On Wed 15-04-15 09:15:44, Beata Michalska wrote:
> Introduce configurable generic interface for file
> system-wide event notifications to provide file
> systems with a common way of reporting any potential
> issues as they emerge.
>
> The notifications are to be issued through generic
> netlink interface, by a dedicated, for file system
> events, multicast group. The file systems might as
> well use this group to send their own custom messages.
>
> The events have been split into four base categories:
> information, warnings, errors and threshold notifications,
> with some very basic event types like running out of space
> or file system being remounted as read-only.
>
> Threshold notifications have been included to allow
> triggering an event whenever the amount of free space
> drops below a certain level - or levels to be more precise
> as two of them are being supported: the lower and the upper
> range.

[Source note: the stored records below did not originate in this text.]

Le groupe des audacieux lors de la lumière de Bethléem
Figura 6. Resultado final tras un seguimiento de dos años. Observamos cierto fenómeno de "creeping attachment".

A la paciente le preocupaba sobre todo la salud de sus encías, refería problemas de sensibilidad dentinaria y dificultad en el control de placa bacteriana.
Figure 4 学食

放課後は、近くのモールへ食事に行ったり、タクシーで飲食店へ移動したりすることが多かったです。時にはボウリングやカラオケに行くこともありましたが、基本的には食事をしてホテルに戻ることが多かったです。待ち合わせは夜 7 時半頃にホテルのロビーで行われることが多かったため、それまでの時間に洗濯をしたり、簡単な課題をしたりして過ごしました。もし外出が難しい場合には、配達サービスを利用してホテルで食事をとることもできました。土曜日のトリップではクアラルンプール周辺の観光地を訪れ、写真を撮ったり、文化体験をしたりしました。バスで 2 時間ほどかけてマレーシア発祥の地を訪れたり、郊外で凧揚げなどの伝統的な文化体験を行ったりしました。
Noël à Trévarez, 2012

The notifications work both ways: once the threshold
> level has been reached, an event shall be generated whenever
> the number of available blocks goes up again re-activating
> the threshold.
>
> The interface has been exposed through a vfs. Once mounted,
> it serves as an entry point for the set-up where one can
> register for particular file system events.
>
> Signed-off-by: Beata Michalska <b.michalska@xxxxxxxxxxx>
Thanks for the patches! Some comments are below.

> ---
> Documentation/filesystems/events.txt | 254 +++++++++++
> fs/Makefile | 1 +
> fs/events/Makefile | 6 +
> fs/events/fs_event.c | 775 ++++++++++++++++++++++++++++++++++
> fs/events/fs_event.h | 27 ++
> fs/events/fs_event_netlink.c | 94 +++++
> fs/namespace.c | 1 +
> include/linux/fs.h | 6 +-
> include/linux/fs_event.h | 69 +++
> include/uapi/linux/fs_event.h | 62 +++
> include/uapi/linux/genetlink.h | 1 +
> net/netlink/genetlink.c | 7 +-
> 12 files changed, 1301 insertions(+), 2 deletions(-)

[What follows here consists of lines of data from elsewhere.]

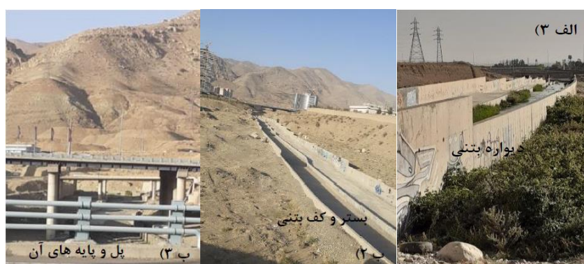
شکل (۹). ادامه: (الف ۳) تصویر میدانی مسیر بازه ۶. ب ۲ و ب ۳) تصاویر میدانی مسیر بازه ۷.

بازه ۸ از ابتدای شهرک بالادست اتوبان شهید خرازی شروع شده و تا بعد از مناطق مسکونی امتداد دارد. از نظر شاخص عملکردی در این بازه پیوستگی طولی با تغییرات کم وجود دارد که جلوی عبور سیلاب را نمی‌گیرد و اشکال بستری سازگار با شیب دره هستند و دیواره‌های در اطراف رودخانه وجود ندارد و رسوبات ریزدانه فراوان در بخش‌های مختلفی از بازه وجود دارد و از نظر شاخص مصنوعی دارای تغییرات جریان و تغییرات دبی مشخصی می‌باشد و تغییرات مصنوعی در کمتر از ۱۰
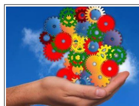
8. BOLETINES Y PORTALES DE EMPLEO EN CÁDIZ
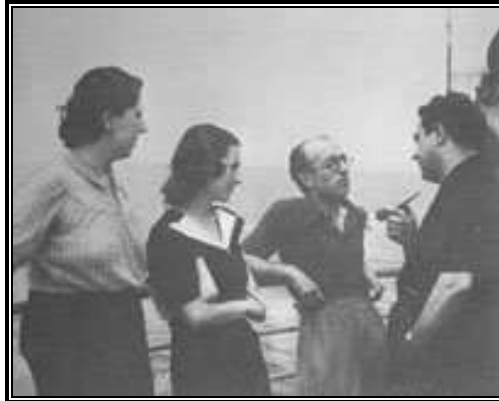
El "Sinaia", primer gran barco de emigrados españoles hacia México.

(nuevamente con Alcalá Zamora a bordo), etc., etc., todos los cuales sirvieron para llevar a América a miles y miles de refugiados, bastantes de los cuales tuvieron puntos de destino diferentes a México , tales como Nueva York, Argentina o la República Dominicana .

> create mode 100644 Documentation/filesystems/events.txt
> create mode 100644 fs/events/Makefile
> create mode 100644 fs/events/fs_event.c
> create mode 100644 fs/events/fs_event.h
> create mode 100644 fs/events/fs_event_netlink.c
> create mode 100644 include/linux/fs_event.h
> create mode 100644 include/uapi/linux/fs_event.h
>
> diff --git a/Documentation/filesystems/events.txt b/Documentation/filesystems/events.txt
> new file mode 100644
> index 0000000..c85dd88
> --- /dev/null
> +++ b/Documentation/filesystems/events.txt
> @@ -0,0 +1,254 @@
> +
> + Generic file system event notification interface
> +
> +Document created 09 April 2015 by Beata Michalska <b.michalska@xxxxxxxxxxx>
> +
> +1. The reason behind:
> +=====================
> +
> +There are many corner cases when things might get messy with the filesystems.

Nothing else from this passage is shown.